= John T. Dillon (businessman) =

American businessman

John T. Dillon (September 7, 1938 – February 28, 2023) was an American businessman who was the chairman and chief executive officer of International Paper from 1996 to 2003.

==Early life==
Dillon was born in 1938 in Schroon Lake, New York. He earned an AAS in pre-professional forestry from Paul Smith's College in 1958, a BA from the University of Hartford in 1966 and an MBA from Columbia Business School in 1971. He joined International Paper in 1965 as a sales trainee. He became President and COO in 1995 and Chairman and CEO in 1996. He held these positions until he retired in 2003.

Prior to his appointment as chairman and CEO, Dillon served as president and chief operation officer of International Paper.

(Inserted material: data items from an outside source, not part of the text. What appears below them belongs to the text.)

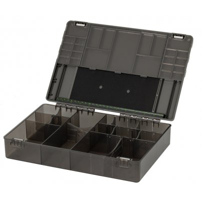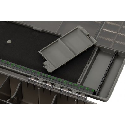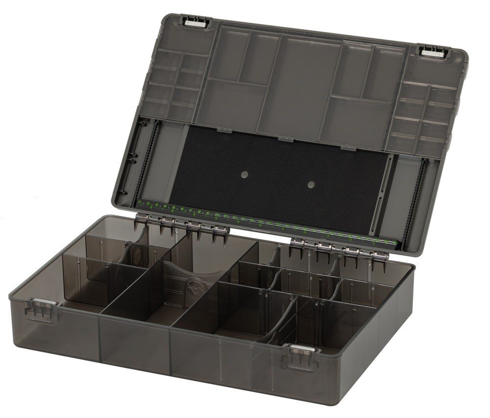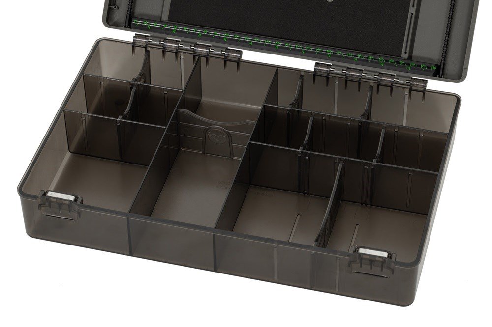 Trvalé stěny v boxu na náčiní jsou rozmístěny tak perfektně, aby se do nich vešly naše návazcové šňůrky, Sady krabiček, Bait Floss, Leadcore, Arma Kord, Leader Safe pouzdro a krabičky Kamakura háčků spolu s dalšími předměty, jako jsou nůžky a jehly.
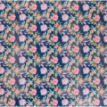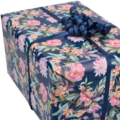 Presentpapper Marigold Blue med mörkblå bakgrund och stora dekorativa blommor i härliga rosa och lila färger. Pryd paketet med färgglada presentsnören för somriga paketinslagningar av gåvor och presenter.
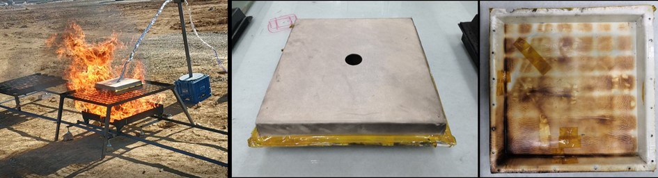 After 33 seconds at 1,300 degrees, thermal runway fires are caused in Aluminium covers (aluminium sheet is penetrated by flame). The solution Hankuk Carbon proposes, a glass fiber flame retardant composite material, is intact even after 30 minutes of exposure to fire in the same condition as the aluminium.
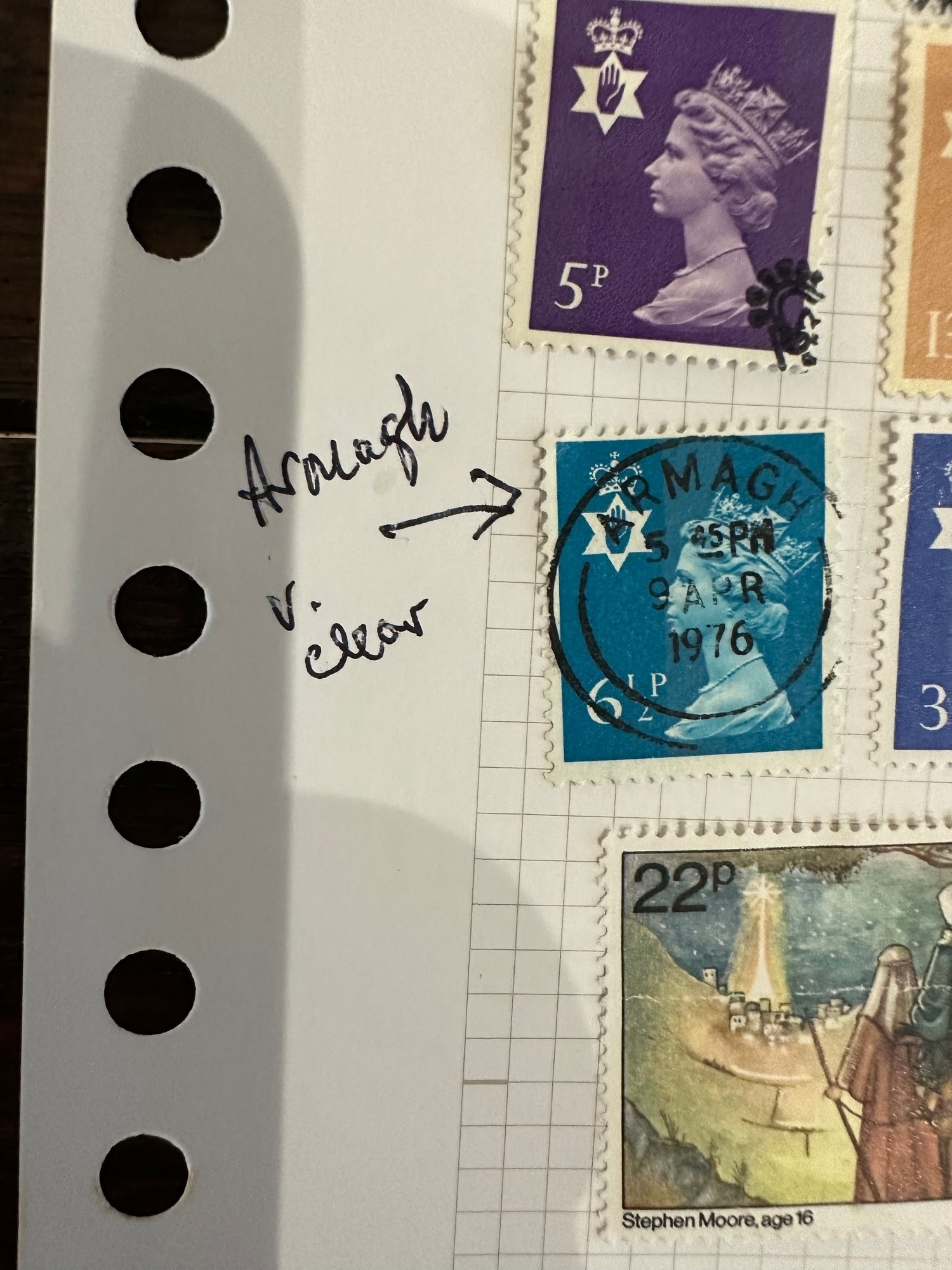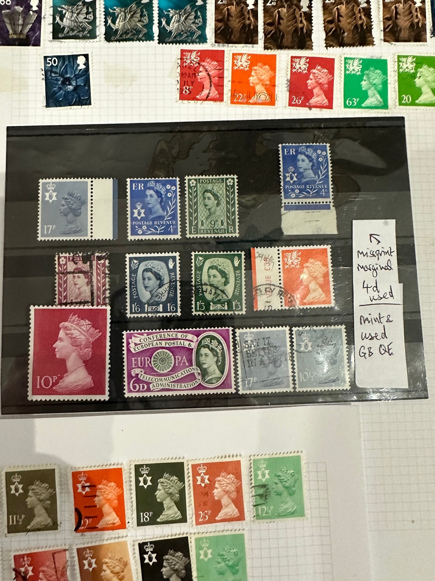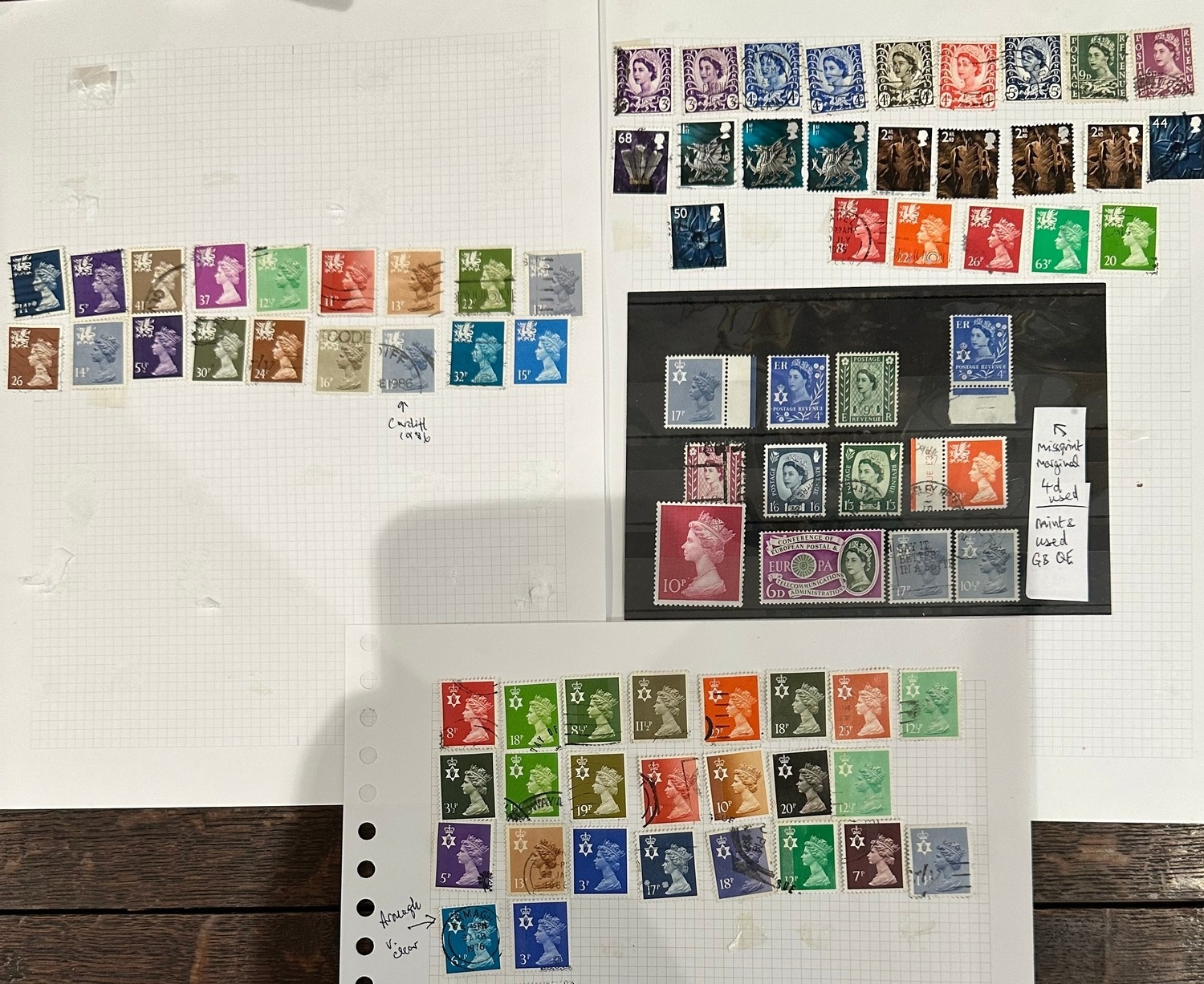 UK GB Regionals Wildings and Machin stamps, Northern Ireland and Wales with Armagh ( very good cancel ) and Cardiff cancels. Marginal misprint
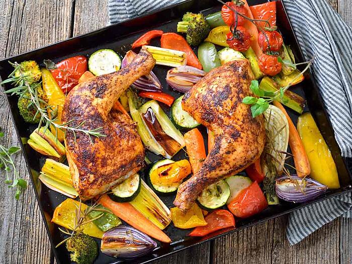 Gebackene Hähnchenkeulen mit Ofengemüse
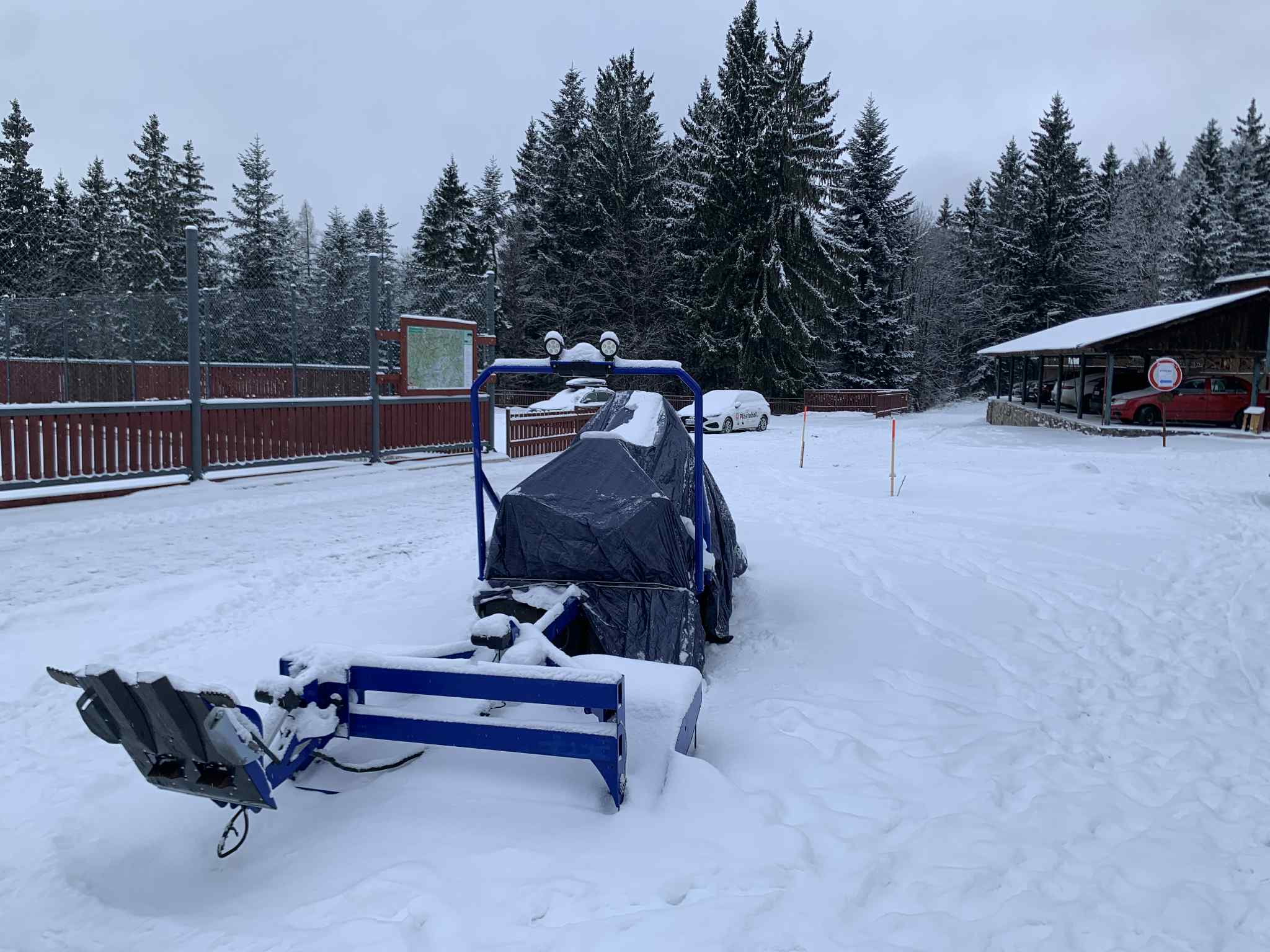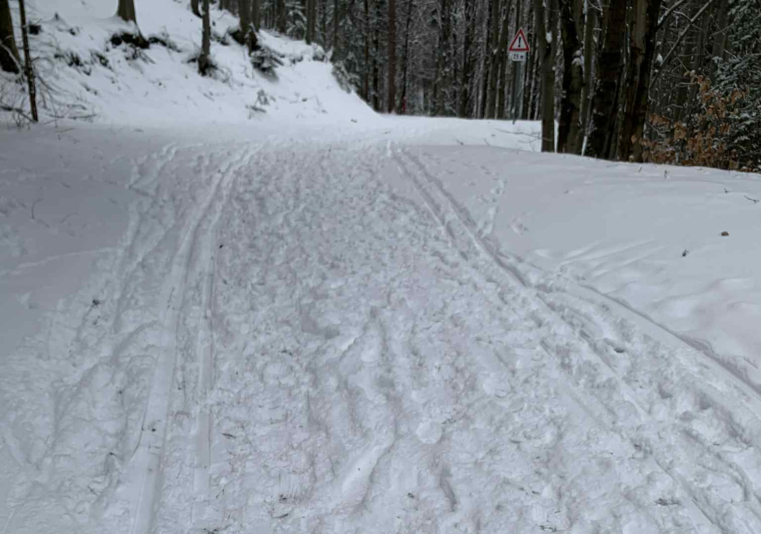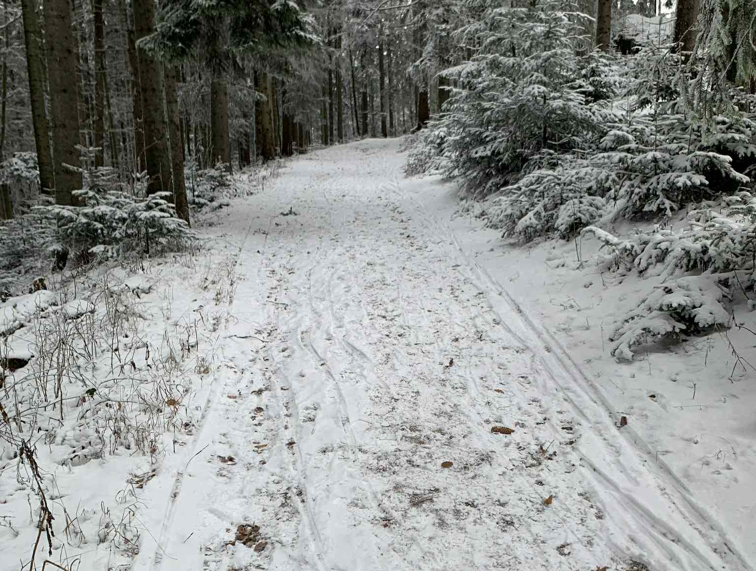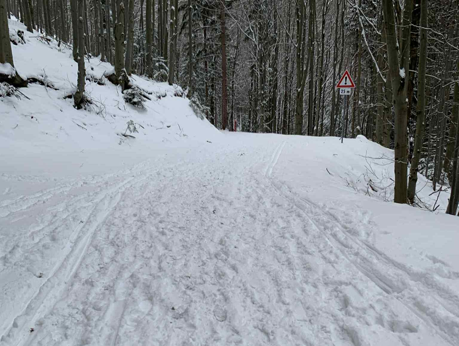 Sneh nemal žiadny základ, takže momentálne sa nedá upravovať ratrakom . Podklad s kameňmi sa najmä pod stromami rýchlo odkrýva. Takže kto chce vyraziť na Tajovskú či Králickú zvážnicu, ZAaRES odporúča staršie bežky a hlavne v zjazdoch treba byť veľmi opatrný. Smerom na hrebeň môžu byť podmienky aj lepšie.

Dillon also served as a director on other corporate boards, including Caterpillar Inc. beginning in 1997, DuPont beginning in 2004, Kellogg Co. and Vertis. He was the vice chairman of Evercore Capital Partners.

Dillon was also a member of The Business Council. Dillon was a chairman of The Business Roundtable and American Forest and Paper Association, a member of the President's Advisory Council on Trade Policy and Negotiations and served as chairman of the National Council on Economic Education.

==Personal life and death==
Dillon lived in Greenwich, Connecticut. He died on February 28, 2023, at the age of 84.